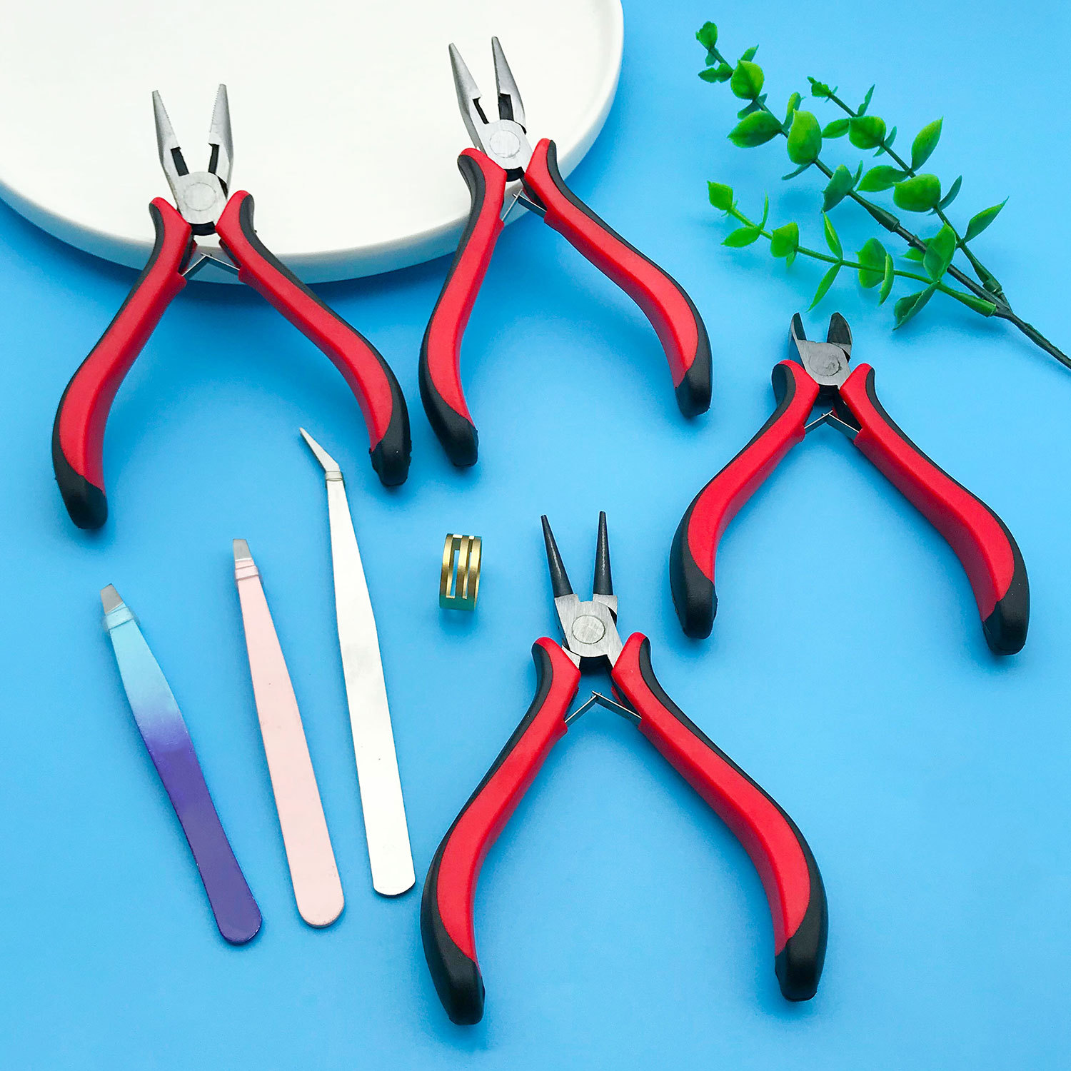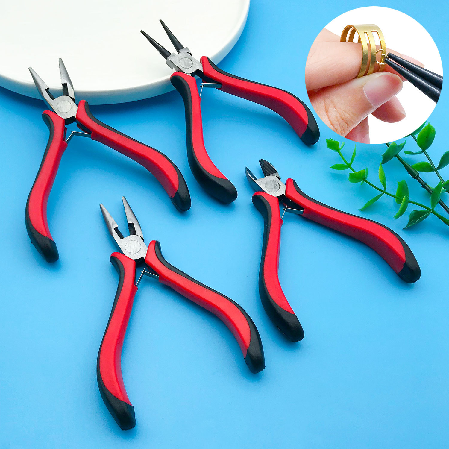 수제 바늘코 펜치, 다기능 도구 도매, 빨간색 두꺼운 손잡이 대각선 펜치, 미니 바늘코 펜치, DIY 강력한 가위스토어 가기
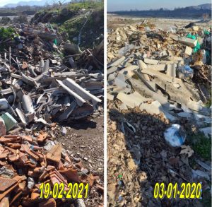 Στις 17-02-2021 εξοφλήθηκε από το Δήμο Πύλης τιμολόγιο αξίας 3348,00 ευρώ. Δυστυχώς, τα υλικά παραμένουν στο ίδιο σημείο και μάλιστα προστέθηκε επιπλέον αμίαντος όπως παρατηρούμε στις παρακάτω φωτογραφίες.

• • •

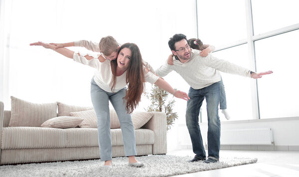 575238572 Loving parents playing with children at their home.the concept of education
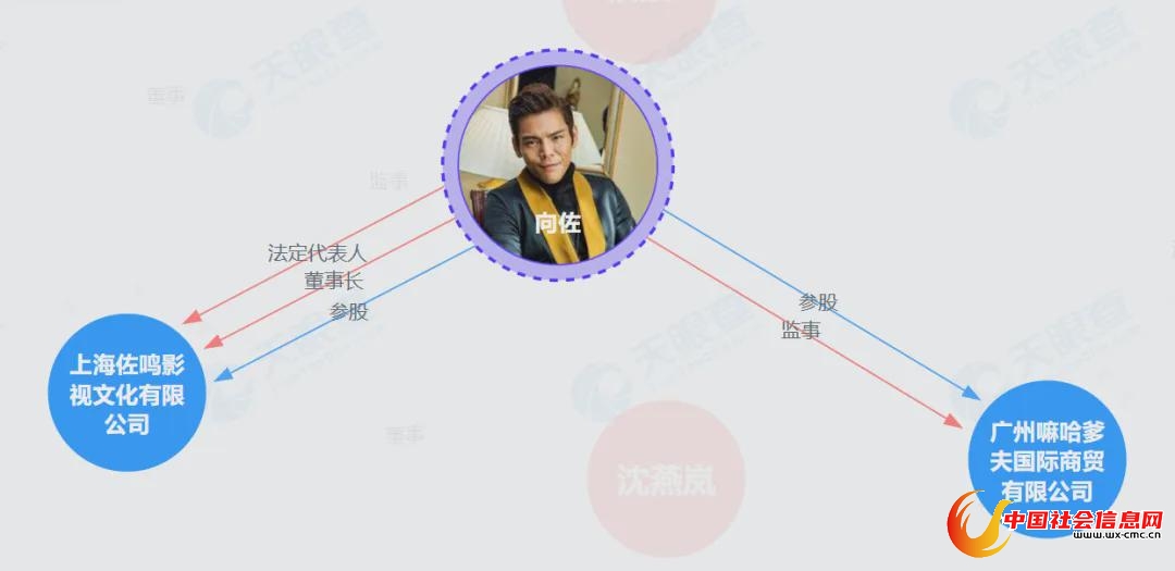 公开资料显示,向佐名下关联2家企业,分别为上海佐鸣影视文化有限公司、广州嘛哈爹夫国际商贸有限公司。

• • •

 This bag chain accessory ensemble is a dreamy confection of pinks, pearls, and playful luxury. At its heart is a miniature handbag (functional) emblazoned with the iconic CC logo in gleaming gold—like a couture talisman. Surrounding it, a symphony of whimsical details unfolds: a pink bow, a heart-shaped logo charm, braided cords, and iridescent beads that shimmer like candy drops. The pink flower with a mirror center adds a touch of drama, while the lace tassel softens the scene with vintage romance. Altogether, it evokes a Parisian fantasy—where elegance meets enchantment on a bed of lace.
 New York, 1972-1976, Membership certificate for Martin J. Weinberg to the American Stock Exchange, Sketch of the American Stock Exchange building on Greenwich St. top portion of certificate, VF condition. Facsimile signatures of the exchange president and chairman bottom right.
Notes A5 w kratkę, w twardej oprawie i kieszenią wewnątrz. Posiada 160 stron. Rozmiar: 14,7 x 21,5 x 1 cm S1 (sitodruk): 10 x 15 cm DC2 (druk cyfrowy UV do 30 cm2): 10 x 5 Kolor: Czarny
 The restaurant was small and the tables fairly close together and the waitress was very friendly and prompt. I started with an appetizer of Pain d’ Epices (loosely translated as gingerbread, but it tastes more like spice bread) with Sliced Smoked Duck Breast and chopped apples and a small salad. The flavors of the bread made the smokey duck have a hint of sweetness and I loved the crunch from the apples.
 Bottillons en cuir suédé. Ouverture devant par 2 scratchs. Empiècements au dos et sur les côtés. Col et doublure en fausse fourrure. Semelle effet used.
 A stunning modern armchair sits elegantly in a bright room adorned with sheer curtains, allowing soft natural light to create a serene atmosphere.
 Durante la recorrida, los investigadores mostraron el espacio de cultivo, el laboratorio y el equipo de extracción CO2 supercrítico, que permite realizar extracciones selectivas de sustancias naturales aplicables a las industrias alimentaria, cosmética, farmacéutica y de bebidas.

• • •

• [Instructions for the task]: Taking the material above, extract exactly and only the lines from the line with "A stunning modern" to the line with "Durante la recorrida, los", inclusive of both.

• [Answer box]:
 A stunning modern armchair sits elegantly in a bright room adorned with sheer curtains, allowing soft natural light to create a serene atmosphere.
 Durante la recorrida, los investigadores mostraron el espacio de cultivo, el laboratorio y el equipo de extracción CO2 supercrítico, que permite realizar extracciones selectivas de sustancias naturales aplicables a las industrias alimentaria, cosmética, farmacéutica y de bebidas.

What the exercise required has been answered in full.